Abstract

We present a critical evaluation of the force balance approach in predicting the departure of rapidly growing bubbles from a boiling surface. To this end, we conduct separate effect bubble growth experiments in a carefully controlled environment. We use high-speed video to quantify experimentally all the external forces acting on a growing bubble through the profile of the liquid–vapor interface. Our experimental data show that the momentum conservation equation is always rigorously satisfied, as it should, if the various forces are precisely quantified. However, based on our analysis and our observations, we come to the conclusion that force balance models cannot be either robust or accurate for the purpose of predicting bubble departure. They are not robust because the rate of change of the bubble momentum, i.e., the key quantity that force balance models aim at evaluating as the sum of the external forces, is orders of magnitude smaller than each of the force terms in the momentum conservation equation throughout the entire bubble life cycle.
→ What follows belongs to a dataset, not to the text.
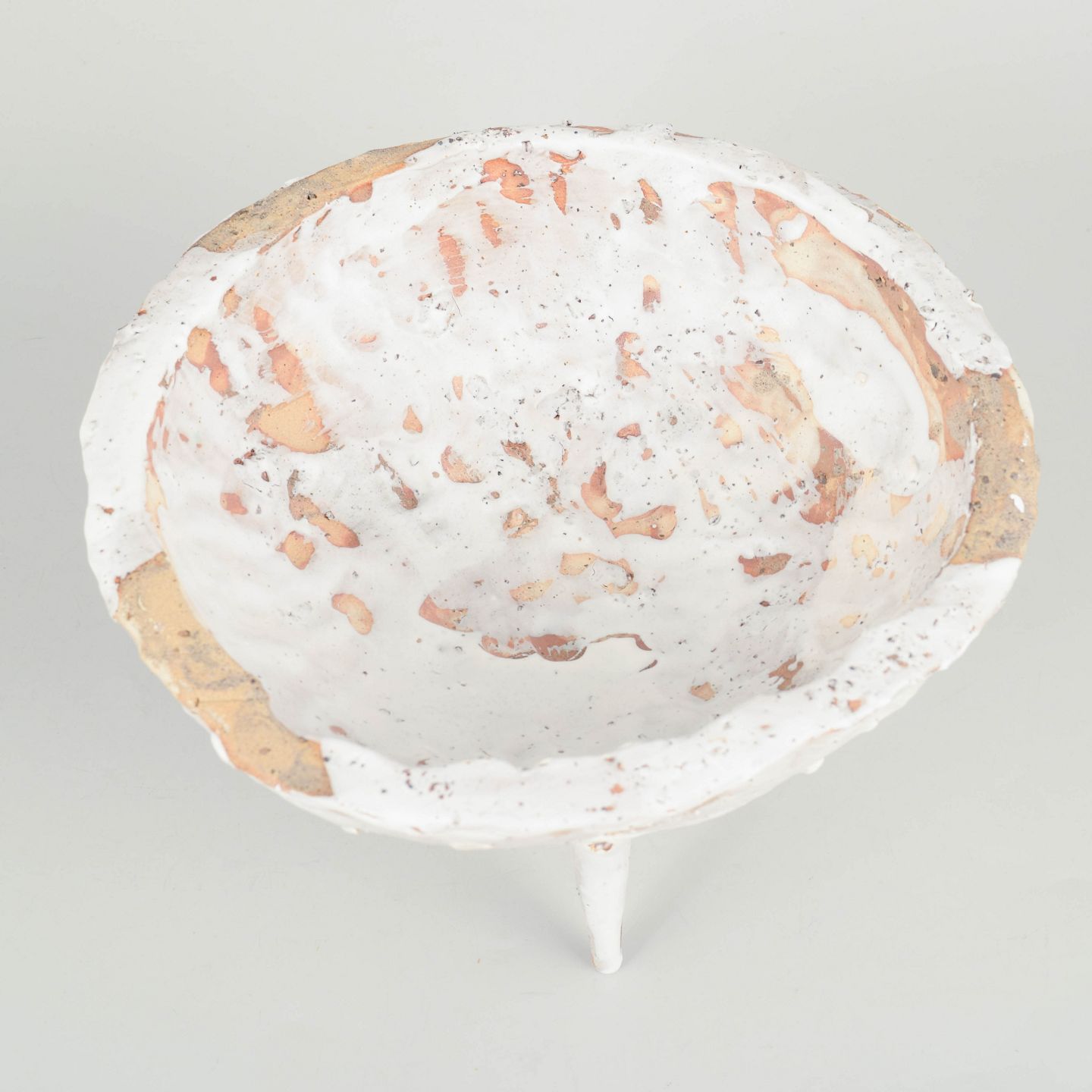 Unika Skål i genbrugt stentøjsler på tre spidse ben. Delvist glaseret fremstår den med det gyldne, brune og hvide områder. De brune områder er ler fra Danmark.

Thus, the slightest error on one of the external forces leads to very different predictions for bubble departure. The approach is also not accurate because the analytical expressions used to estimate the external forces are riddled with questionable assumptions (e.g., on the bubble growth rate, added mass coefficient, contact line length, and contact angle) and uncertainties that are, once again, orders of magnitude larger than the rate of change of the bubble momentum itself.